### EXERCISE GOAL
Where the line containing "在應急搶險器材中電鋸的操作演" appears in the records below, begin there and repeat each line exactly through the final one, dropping all pictures.

### DATA SUPPLIED
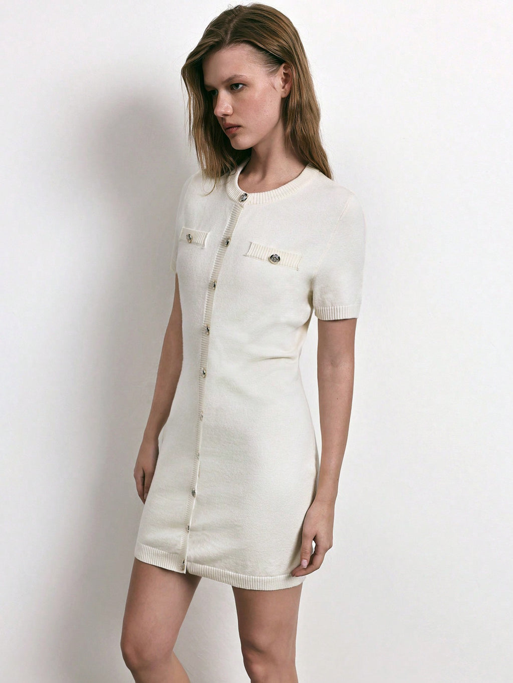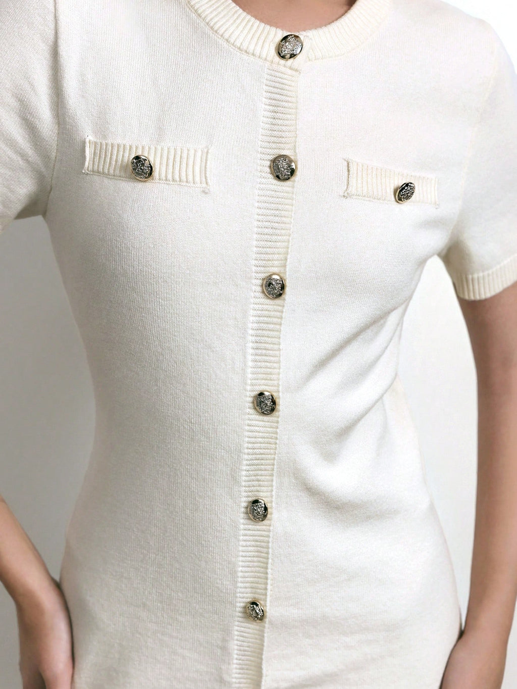 BELLAVOG Women's Urban Elegant Modern White Knitted Metallic Button Waist Fitted Sweater Dress, Short Sleeve, Casual Commuter Outfitting, Holiday, Christmas Party, Winter Valentine's Day
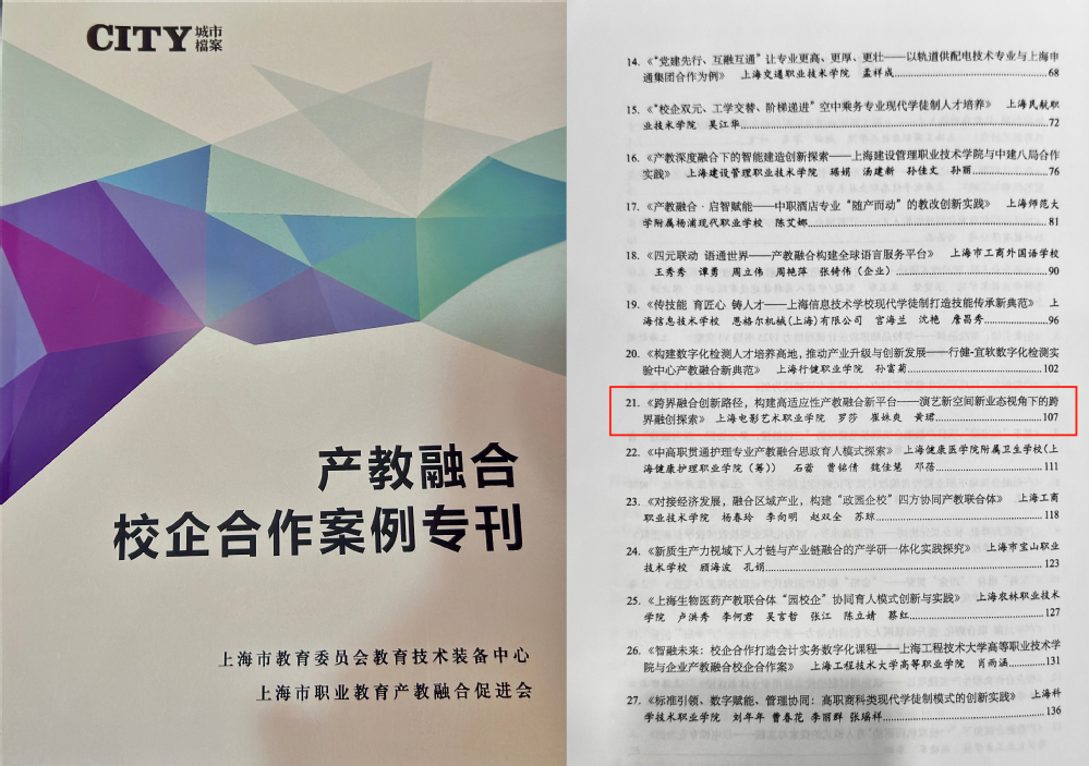 上海电影艺术职业学院因在组织推动产教融合工作中的卓越贡献,被授予“优秀组织奖”。由音乐剧表演专业教师团队罗莎主任、崔姝爽、黄珺老师执笔的案例 《跨界融合创新路径,构建高适应性产教融合新平台——演艺新空间新业态视角下的跨界融创探索》 荣获一等奖,赢得了行业的高度赞誉。该案例集中展示了学院音乐剧表演专业在应对文化产业新业态、探索产教深度融合新模式方面的前沿思考与实践成果,其完整研究成果已于2025年12月正式发表。
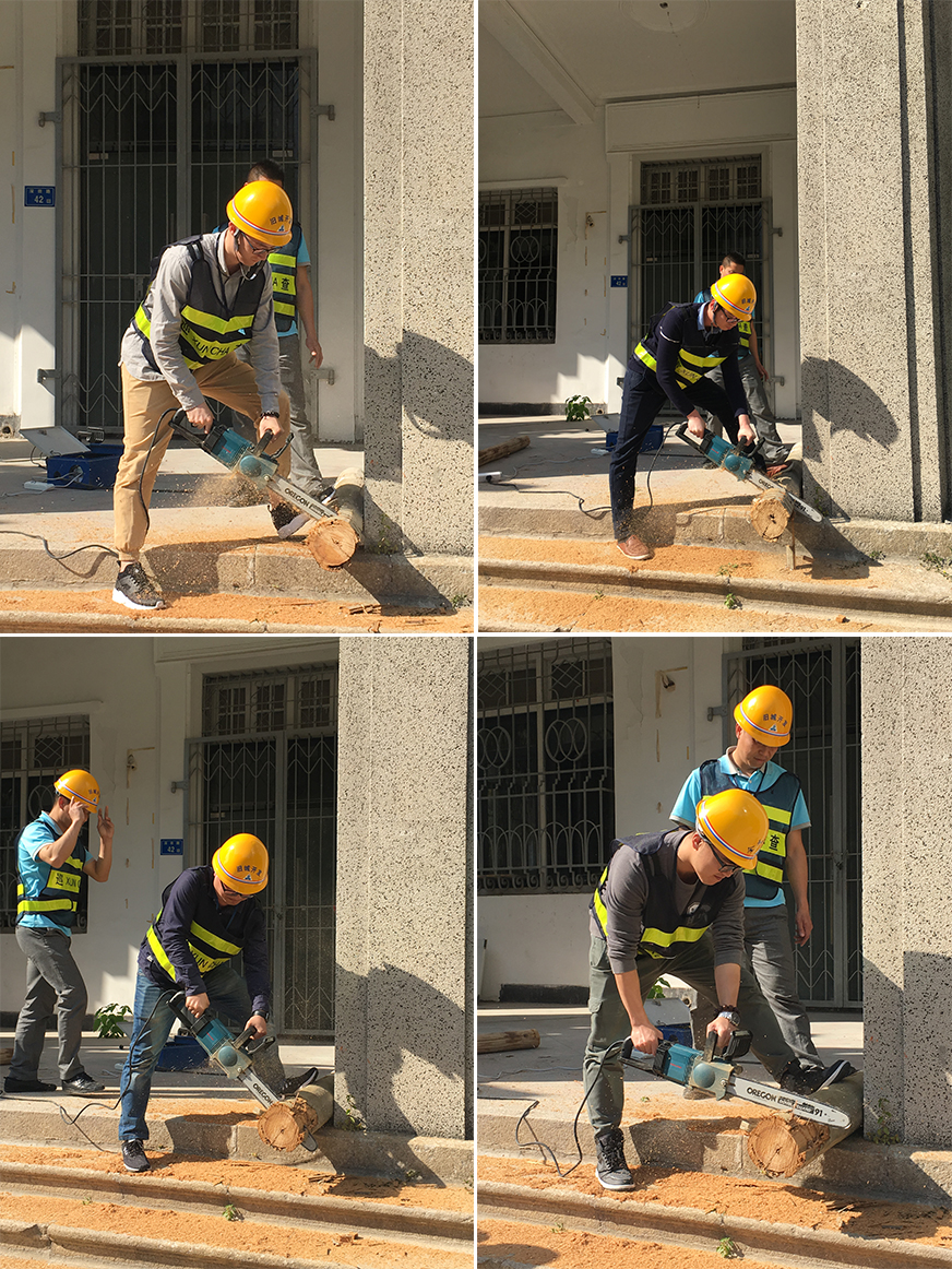 在應急搶險器材中電鋸的操作演練環(huán)節(jié),隊員們整齊有序,一個接一個,沒有過關(guān)主動再操作一次,一轉(zhuǎn)眼功夫,一塊大長條的原木被隊員們像切白蘿卜般輕輕松松一塊塊分身落地,場地響起雷鳴般的掌聲。
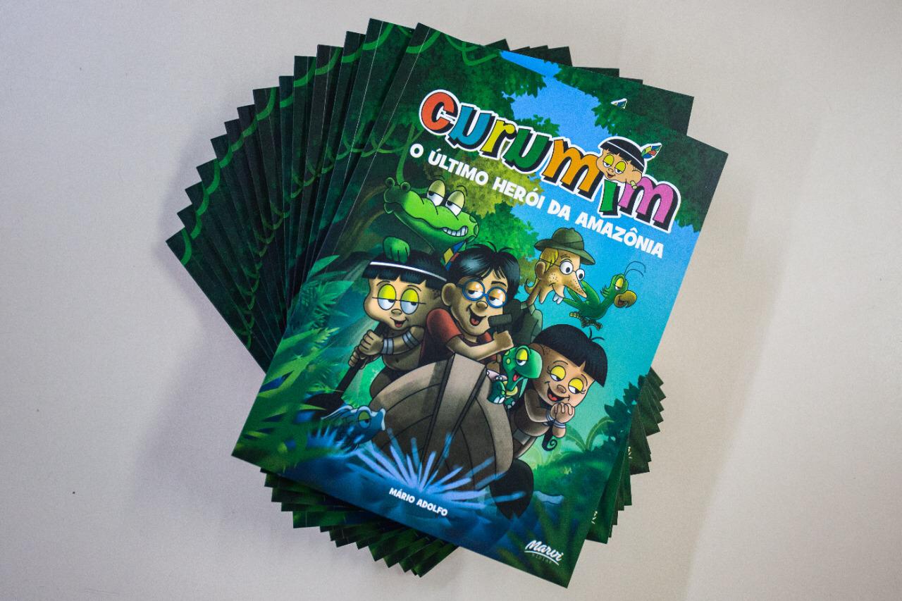 Neste mês, o jornalista Mário Adolfo lança o livro “Curumim – O Último Herói da Amazônia”, contemplado no Prêmio Feliciano Lana. A publicação traz a trajetória do personagem que é Patrimônio Cultural de Natureza Imaterial do Estado do Amazonas, com momentos importantes como o lançamento da cartilha educativa sobre a História do Amazonas, na Suécia, em 1988, e a participação na primeira edição da Bienal do Livro do Amazonas, em 2012, com a obra “Curumim conta a história do Livro”.
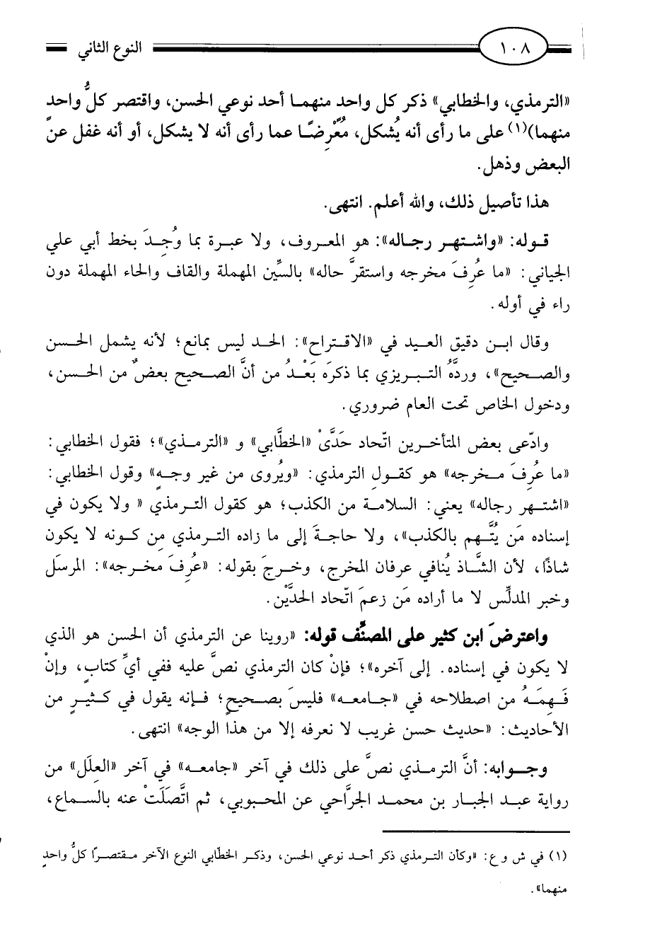 الترمذي والخطابي ذكر كل واحد منهما احد نوعي الحسن واقتصر كل واحد منهما1 على ما رأى أنه يشكل معرضا عما راى أنه لا يشكل أو أنه غفل عن البعض وذهل.

### PROBLEM SOLUTION
 在應急搶險器材中電鋸的操作演練環(huán)節(jié),隊員們整齊有序,一個接一個,沒有過關(guān)主動再操作一次,一轉(zhuǎn)眼功夫,一塊大長條的原木被隊員們像切白蘿卜般輕輕松松一塊塊分身落地,場地響起雷鳴般的掌聲。
 Neste mês, o jornalista Mário Adolfo lança o livro “Curumim – O Último Herói da Amazônia”, contemplado no Prêmio Feliciano Lana. A publicação traz a trajetória do personagem que é Patrimônio Cultural de Natureza Imaterial do Estado do Amazonas, com momentos importantes como o lançamento da cartilha educativa sobre a História do Amazonas, na Suécia, em 1988, e a participação na primeira edição da Bienal do Livro do Amazonas, em 2012, com a obra “Curumim conta a história do Livro”.
 الترمذي والخطابي ذكر كل واحد منهما احد نوعي الحسن واقتصر كل واحد منهما1 على ما رأى أنه يشكل معرضا عما راى أنه لا يشكل أو أنه غفل عن البعض وذهل.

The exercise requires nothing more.